Poke salad, we have poke salad. You hear talk of poke salad? Yeah, well, that’s, that’s something good right now. Wild lettuce, that was good. And creasy salad. Have you hear talk of creasy salad? Yes? Yeah, we used t’ go and cut that. We do that now, Hattie and I do! (laughs) yeah. And that was good f’ the, f’ rheumatism. Yeah, drink that wine f’ rheumatism. And if you– lotta people say, poke salad’ll kill ya’. But it don’t kill y’ or we’d be dead a long time ago. (laughs)

Roberts:
The woods and all other forms of nature are completely interwoven with the everyday life of the Monacan. A closeness to nature is such an integral part of Monacan culture that a dialog actually develops. Karenne Wood says it’s a form of non-verbal communication, a real exchange.

Wood:
But what I’m also talking about is a very deep sense of an everyday kind of religious experience – maybe not religious, maybe just “spiritual” is the best way to describe it – where you understand your place in the world? A specific place in a land that interacts with you? You know? So that what I say is “you touch a tree and the tree touches you back”. It’s not like you’re just touching a tree, you know. The tree has presence. It has vitality. And some of our people say they can speak to other living things. And there’s a communication there. Whether, I mean, it’s not like you’re sitting around talking to animals like Dr. Doolittle, you know. But there is a communication process!
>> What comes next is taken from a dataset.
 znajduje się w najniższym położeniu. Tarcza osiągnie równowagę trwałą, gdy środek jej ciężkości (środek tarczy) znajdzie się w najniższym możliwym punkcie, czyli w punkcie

And I’ve been able to observe this, because in my own life, when things were not going well, I would try to practice sitting still. And I felt like, if you sit still, and you observe what’s around you, you feel that sense of connection. You don’t feel alienated or lonely or lost, if you know your place in everything.

Roberts:
An openness to look inside, to sit in stillness with others and to work together from the enormous task of the building a village to the sweet, everyday ones such as gathering apples for the harvest.

Music:
Medicine Dream
Medicine Dream
Mawio’mi
Canyon Records

Wood:
Now through the music of spoons, jars and pots, through laughter,
What remains is reduced to the essence of apple,
Roots and limbs laden with gold circles.
We are blessed by the hands of these women,
Who ladle into jars an enchantment made by heart.
Who condense, seal, process and sell apple butter
At St. Paul’s church bazaar.
Three dollars for a pint.
Roberts:
For Wisdom of the Elders, I’m Barbara Roberts.

Neskahi:
Today’s Elder Wisdom segment featured the Monacan nation. It was upon Monacan ancestral land where Thomas Jefferson established his home, Monticello, just outside Charlottesville, Virginia. Monticello was the site of the 2003 Lewis and Clark bi-centennial kick-off.

As the national park service unfolds this commemoration, listen for a special series of Wisdom of the Elders featuring stories focusing upon the culture and history of native nations along the expedition route.

I’m Arlie Neskahi. You’re listening to Wisdom of the Elders.